● Brief: From the first line down to the line containing "T3 จุลินทรีย์ซุปเปอร์ พด.9", print the records below exactly, leaving every picture out.

Stored records
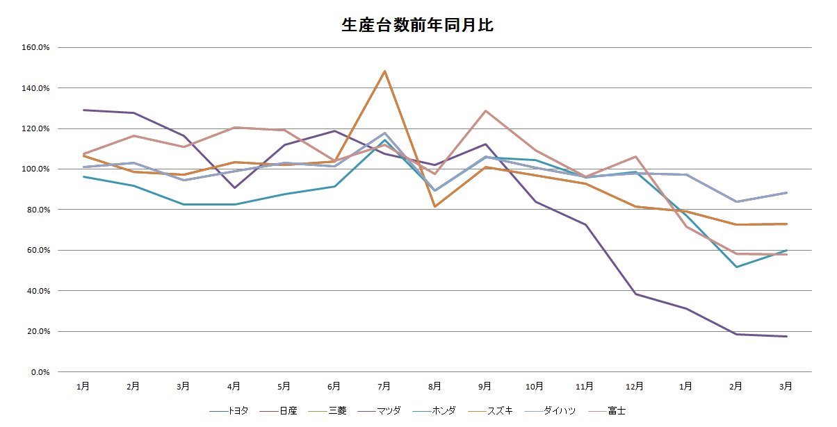 生産実績・輸出実績は軽を含む乗用車
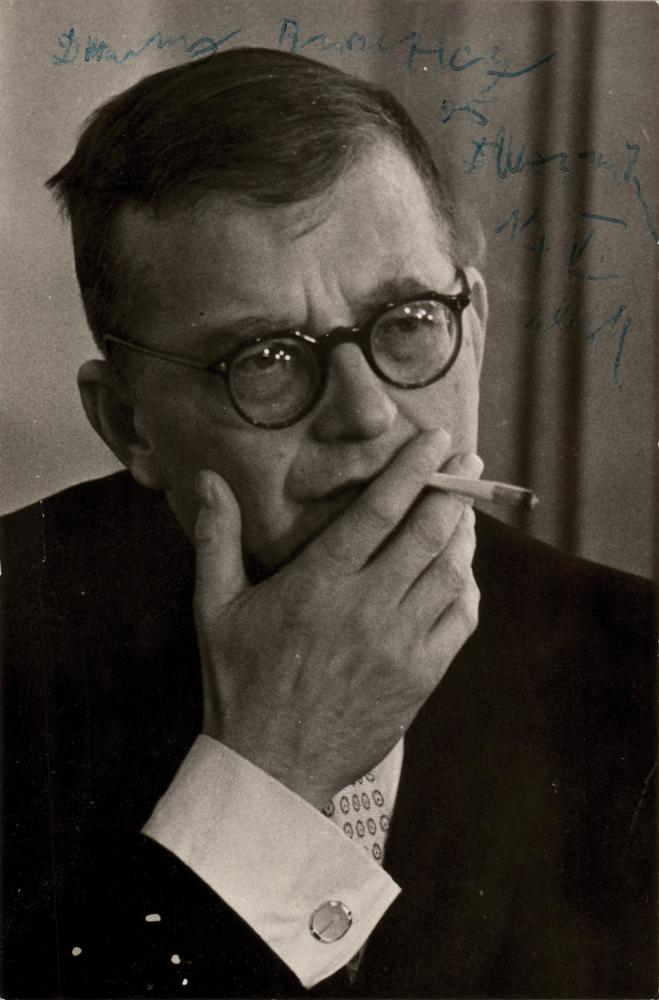 Russian composer and pianist (1906-1975) who is regarded as one of the major composers of the 20th century. Vintage matte-finish 3.5 x 5.5 photo of Dimitri Shostakovich smoking a cigarette, signed in ballpoint, with Shostakovich adding a date of June 17, 1964. The reverse bears a Horst E. Schulze stamp. In very good to fine condition, with creasing to the left side, and moderate signature contrast.
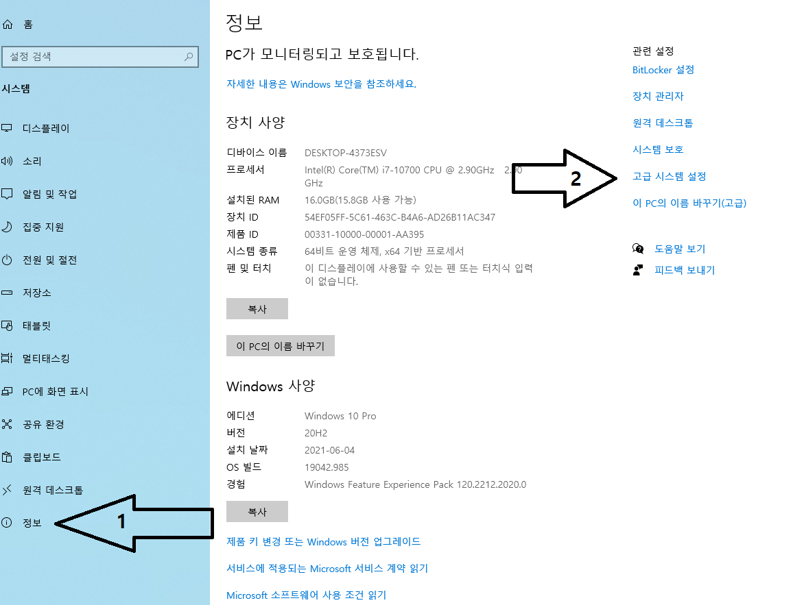 그 뒤에 왼쪽 밑의 윈도 로고에서 우클릭 후 설정에 들어간다.
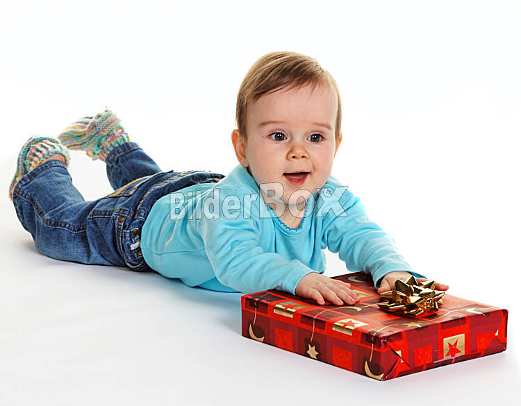 Kleines Kind mit einem Geburtstags Geschenk Paket
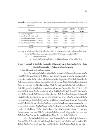 T3 จุลินทรีย์ซุปเปอร์ พด.9 อัตรา 50 กก./ไร่ 92.33 10.00b 11.46a 15.67ab 3.01
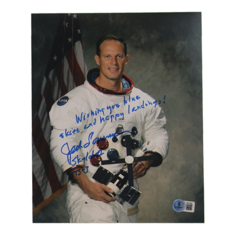 Photo measures 8" x 10" in size and has been hand-signed and inscribed by Jack Lousma.
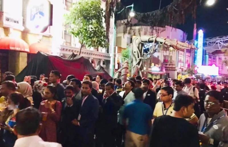 团员们了解会场环境,档案测试,一切顺利,再回到饭店稍休息后,参加2018ICQCC欢迎酒会。不若以往,欢迎酒会通常有主办单位的欢迎致词、当地的文化表演等环节,此番在环球影城内举办,这些前缀的仪式都省了。在纽约街、芝麻街的街道上,每隔一小段路,摆设自助餐点及饮料,走到哪儿都可随意享用;影城内并开放了几处场馆,有入场玩3D变形金刚战斗的团员,应该都透过尖叫声好好解放了发表前的压力。

● Response to this task:
 生産実績・輸出実績は軽を含む乗用車
 Russian composer and pianist (1906-1975) who is regarded as one of the major composers of the 20th century. Vintage matte-finish 3.5 x 5.5 photo of Dimitri Shostakovich smoking a cigarette, signed in ballpoint, with Shostakovich adding a date of June 17, 1964. The reverse bears a Horst E. Schulze stamp. In very good to fine condition, with creasing to the left side, and moderate signature contrast.
 그 뒤에 왼쪽 밑의 윈도 로고에서 우클릭 후 설정에 들어간다.
 Kleines Kind mit einem Geburtstags Geschenk Paket
 T3 จุลินทรีย์ซุปเปอร์ พด.9 อัตรา 50 กก./ไร่ 92.33 10.00b 11.46a 15.67ab 3.01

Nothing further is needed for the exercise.